The incident started because one of the victims was apparently walking along the low head dam located in the Hammel Woods Forest Preserve. It’s not the first time the dam has lead to bodies needing to be recovered from the water.

You see these types of dams all over the area; on the Fox River and DuPage Rivers. They have their roots in the early industrial days of the area when industry relied on the mechanical power of the rivers, usually for types of mills. Now, they are mostly obsolete.

According to this study dams on the DuPage River by the EPA in 2003, while the dams may once have served a purpose, they don’t do much of anything today:

As discussed in Sections 2 through 5 of this report, three of the five dams within the study area do not provide any useful function other than they maintain a flat water pool and create the sound of rushing water, both of which are usually considered attractive to many people visiting the public areas around these dams. Moreover, all of the dams (the ones at Channahon and Hammel Woods in particular) create an elevated safety hazard to the people using the river, be it for fishing, swimming, or boating.
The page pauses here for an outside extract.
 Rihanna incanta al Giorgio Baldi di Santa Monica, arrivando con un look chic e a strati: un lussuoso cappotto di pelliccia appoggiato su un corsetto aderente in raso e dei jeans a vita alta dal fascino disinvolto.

Bottom line, the risk far outweighs the reward for this dam in Hammell Woods to remain in place.

Check this out from a report by WKD Engineering regarding the possibility of removing the dam two years ago.
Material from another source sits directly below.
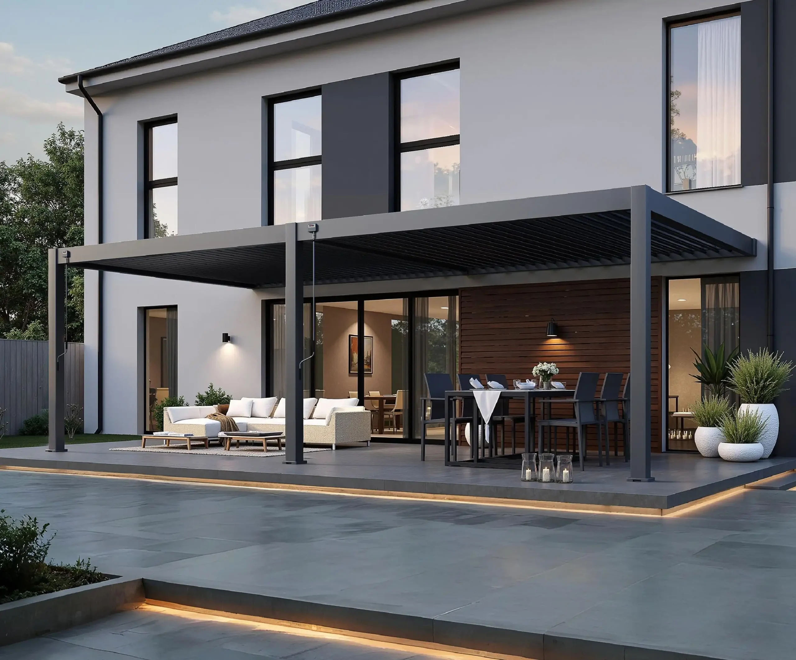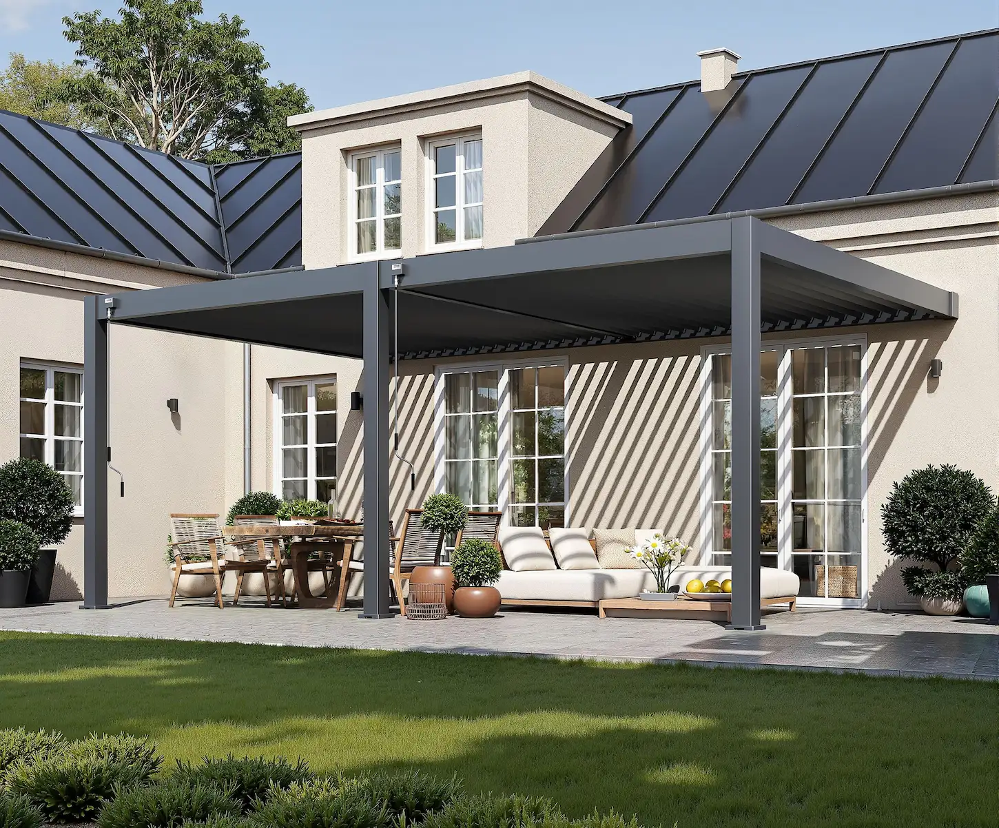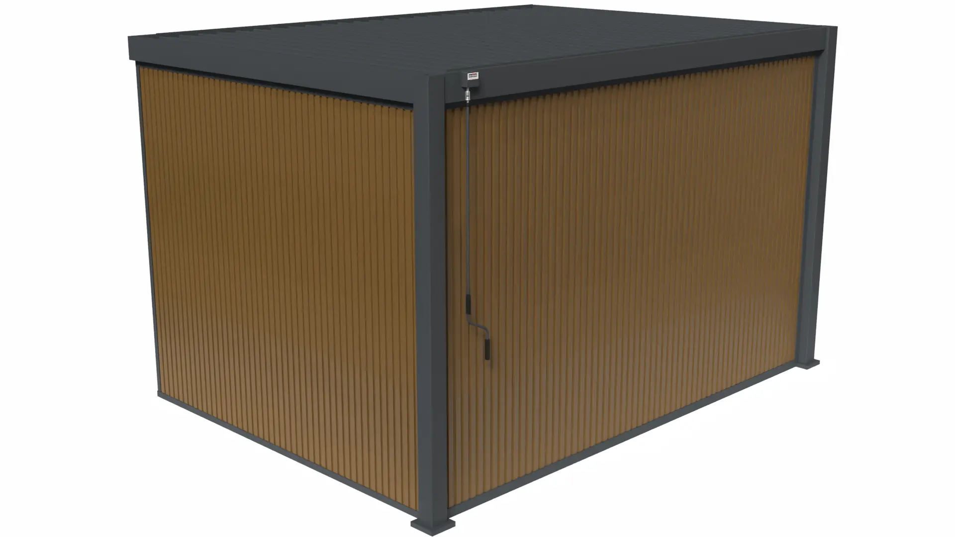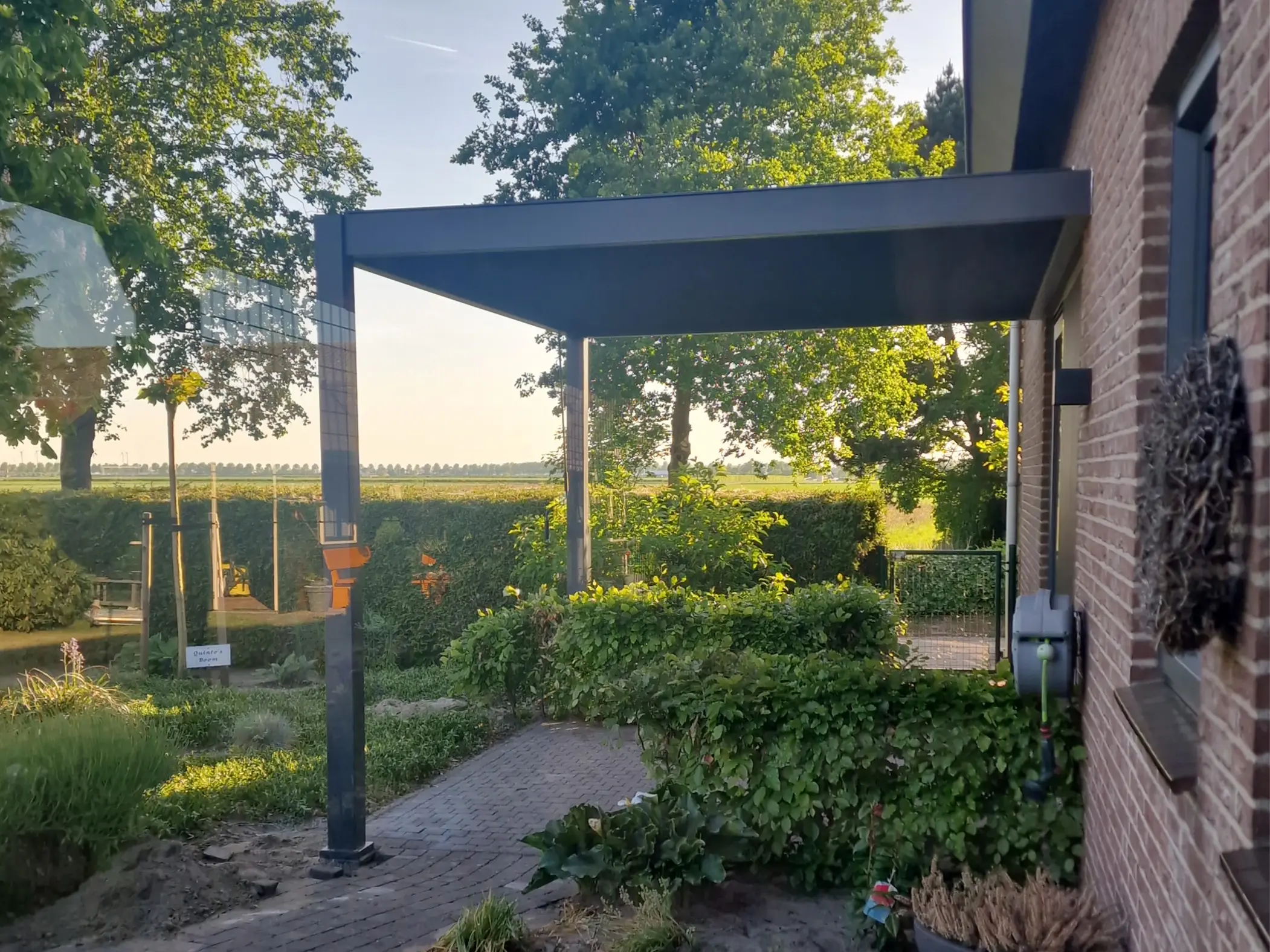 The Rockford attached pergola creates a sheltered space right next to your home. The aluminium frame and matte anthracite louvred roof blend in perfectly with a modern garden. The manually adjustable louvres let you decide how much sunlight or ventilation you want, without needing electricity. Rainwater is neatly drained through integrated gutters and down the posts. The pergola is easy to assemble and can be extended with accessories like glass sliding walls, curtains or louvred panels.

The Hammel Woods Dam is approximately 80-90 years old and is constructed of quarried limestone with a concrete foundation as described in the document entitled, “Assessment of the Hammel Woods Dam and Its Impacts to the DuPage River”, 2003. Previous investigations of the site revealed that the low head dam across the river at this location impedes aquatic species movement upstream, forces paddlers to portage around the structure under most flow conditions, and presents a life- threatening hazard to paddlers who go over the dam or for persons wading the river immediately below the dam. Thankfully, and finally, the Forest District of Will County has started to move in the direction of dam removal.

There’s a reason they are called “death machines.” If you feel the same way, you can sign this petition to try and expedite the process.

It seems like experts have been calling for a removal of that dam since AT LEAST 2003 (with that study by the EPA).

The warning signs aren’t cutting it. The dam has to go.